The actual date and time of the Deferred Closing are herein
referred to as the " Deferred Closing Date ." In such event,
references in this Agreement to the " Closing " and the "
Closing Date " shall with respect to UCTIC and the purchase
and sale of the UCTIC Shares be deemed to refer to the Deferred
Closing and the Deferred Closing Date, and references to the
termination of this Agreement (including those in Article VII)
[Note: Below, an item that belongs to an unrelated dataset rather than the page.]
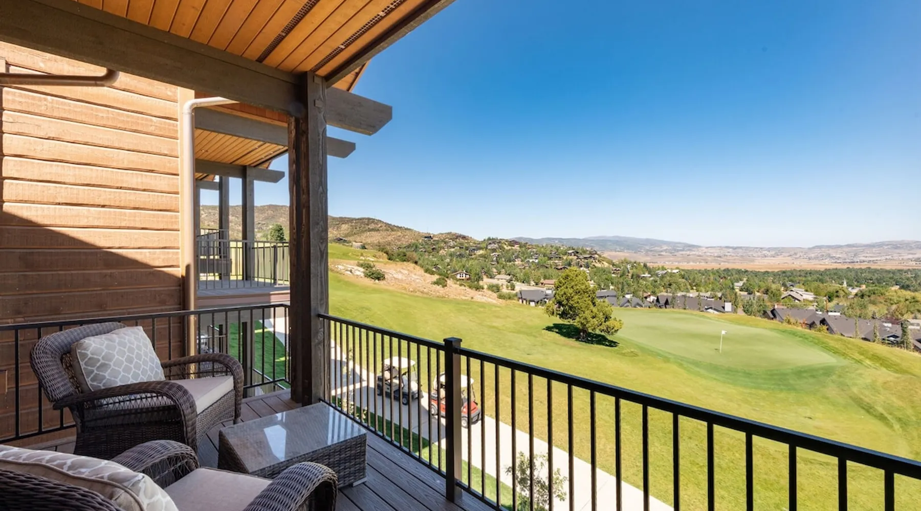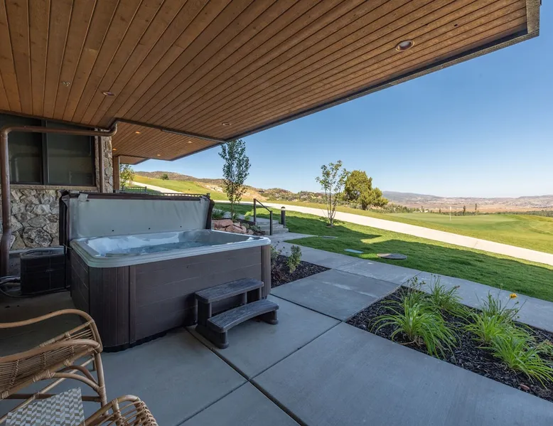 Located in the exclusive community of Juniper Landing this 4 bedroom+den, 5 bathroom, contemporary townhome with private hot tub offers an elegant home away in an ideal location. Directly on the Canyons Golf course, such offers superb panoramic views of the golf course and valley. Conveniently located, such is a short walk or complimentary shuttle ride to the Frostwood Gondola. The perfect place to enjoy all the best Park City has to offer. The space Located in the exclusive community of Juniper Landing this 4 bedroom+den, 5 bathroom, contemporary townhome offers an elegant home away in an ideal location. Directly on the Canyons Golf course, just off the 10th green, such offers superb panoramic views of the golf course and valley. Conveniently located, such is a short walk (0.2 miles, 5 minutes) or complimentary shuttle ride to the Frostwood Gondola, your gateway to Park City Mountains’ 7300 skiable acres. As a townhouse with private entrance, it is ideal for your social distancing. The perfect place to enjoy all the best Park City has to offer. The luxury residence offers the opportunity for wonderful gatherings of family and friends with plenty of room for everyone to spread out in ultimate comfort. You’ll appreciate the superb craftsmanship of the deluxe home, including multiple decks, patios and views. The heart of the three level home is the second level, relax in the living room, prepare feasts in the sumptuous kitchen and play games around the dining table. The fully equipped gourmet kitchen is appointed with high-end appliances, so bring the chef in the family and don’t forget the gas grill on the balcony, ideal for your favorite grill master to prepare socially-distant meals. Enjoy relaxing in the afternoon sun on the balcony year round, summers dine al-fresco, and both daytime and night enjoy the golf course and valley view. Lower level there is the family room/den, broad windows provide a spectacular view of the golf course and valley beyond, while large screen TV is available for movies, sporting events, previewing home videos and more. Ideal for mixed age groups, such provides a space distinct from the main living area for teens to gather, and kids to watch movies, while doubling as a 5th bedroom with its pull out sofa and full bath. As with all TVs in the home, the smart TVs support internet apps (Netflix, Hulu, etc.). The views from the room open up to the large patio outside with over-sized hot tub and relaxing seating, come late afternoon and evening share stories of the day while overlooking the twinkling lights and Juniper tree for which the community is named. The master bedroom, located on the top floor, is spacious and elegant. Fireplace warms the evening, while sofa and private balcony face the panoramic vista. King bed is provided facing the valley and golf course as well. The modern ensuite bathroom is designed to lavish you with double bowls, massive steam shower and large soaking tub. Luxury appointments go well beyond the master suite, second and third bedrooms providing warmly decorated sanctuaries with queen beds and seating. Modern ensuite baths are a given, and one of the bedrooms enjoys a private balcony. The fourth bedroom is comprised of one queen and two twin beds, thus making it ideal for up to four children, while with a queen such can also be used for by a couple. Bathroom is just outside in the hallway. All bedrooms have smart TVs supporting internet apps (Netflix, Hulu, etc.). All together the home sleeps 10 in bedrooms, or 12 when the lower level sleep sofa is used. Complementing the private hot tub and golf course, the intimate development has a gorgeous, uncrowded year-round outdoor heated pool (one of the best in the area), hot tub, and a fully equipped fitness room. Located in the exclusive community of Juniper Landing this 4 bedroom+den, 5 bathroom, contemporary townhome offers an elegant home away in an ideal location. Directly on the Canyons Golf course, just off the 10th green, such offers superb panoramic views of the golf course and valley. Conveniently located, such is a short walk (0.2 miles, 5 minutes) or complimentary shuttle ride to the Frostwood Gondola, your gateway to Park City Mountains’ 7300 skiable acres. As a townhouse with private entrance, it is ideal for your social distancing. The perfect place to enjoy all the best Park City has to offer. The luxury residence offers the opportunity for wonderful gatherings of family and friends with plenty of room for everyone to spread out in ultimate comfort. You’ll appreciate the superb craftsmanship of the deluxe home, including multiple decks, patios and views. The heart of the three level home is the second level, relax in the living room, prepare feasts in the sumptuous kitchen and play games around the dining table. The fully equipped gourmet kitchen is appointed with high-end appliances, so bring the chef in the family and don’t forget the gas grill on the balcony, ideal for your favorite grill master to prepare socially-distant meals. Enjoy relaxing in the afternoon sun on the balcony year round, summers dine al-fresco, and both daytime and night enjoy the golf course and valley view. Lower level there is the family room/den, broad windows provide a spectacular view of the golf course and valley beyond, while large screen TV is available for movies, sporting events, previewing home videos and more. Ideal for mixed age groups, such provides a space distinct from the main living area for teens to gather, and kids to watch movies, while doubling as a 5th bedroom with its pull out sofa and full bath. As with all TVs in the home, the smart TVs support internet apps (Netflix, Hulu, etc.). The views from the room open up to the large patio outside with over-sized hot tub and relaxing seating, come late afternoon and evening share stories of the day while overlooking the twinkling lights and Juniper tree for which the community is named. The master bedroom, located on the

shall refer to the termination hereof solely with respect to the
purchase and sale of the UCTIC Shares. Further, in such event,
during the period following the Closing and prior to the earlier to
occur of the Deferred Closing and the termination of this Agreement
with respect to the purchase and sale of the UCTIC Shares, all
references to the "Companies" as used for purposes of the
post-Closing rights and obligations of the parties (including for
purposes of indemnification) shall be deemed to exclude UCTIC. In
the event that this Agreement is terminated with respect to the
purchase and sale of the UCTIC Shares after the Closing Date and
prior to the Deferred Closing, then all references to UCTIC and the
UCTIC Shares in this Agreement shall be deemed deleted and this
Agreement shall be deemed to have never contemplated the sale of
UCTIC to Buyers.
Section 2.8
UCTIC Purchase Price . (a) Not less than one Business
Day prior to the Closing Date in respect of UCTIC, Seller shall
deliver or cause to be delivered to FNTIC
11
Seller’s and NHI’s reasonable good faith estimate of
the Net Worth of UCTIC as of 11:59 p.m. on the day prior to
such Closing Date (the " Estimated UCTIC Net Worth ")
(b) No
later than 45 days after the Closing Date, FNTIC shall deliver
to Seller the balance sheet of UCTIC prepared in accordance with
the Accounting Principles (the " Subject Balance Sheet "),
as of 11:59 p.m. on the night immediately prior to the Closing
Date, and a written statement (the " Adjustment Statement ")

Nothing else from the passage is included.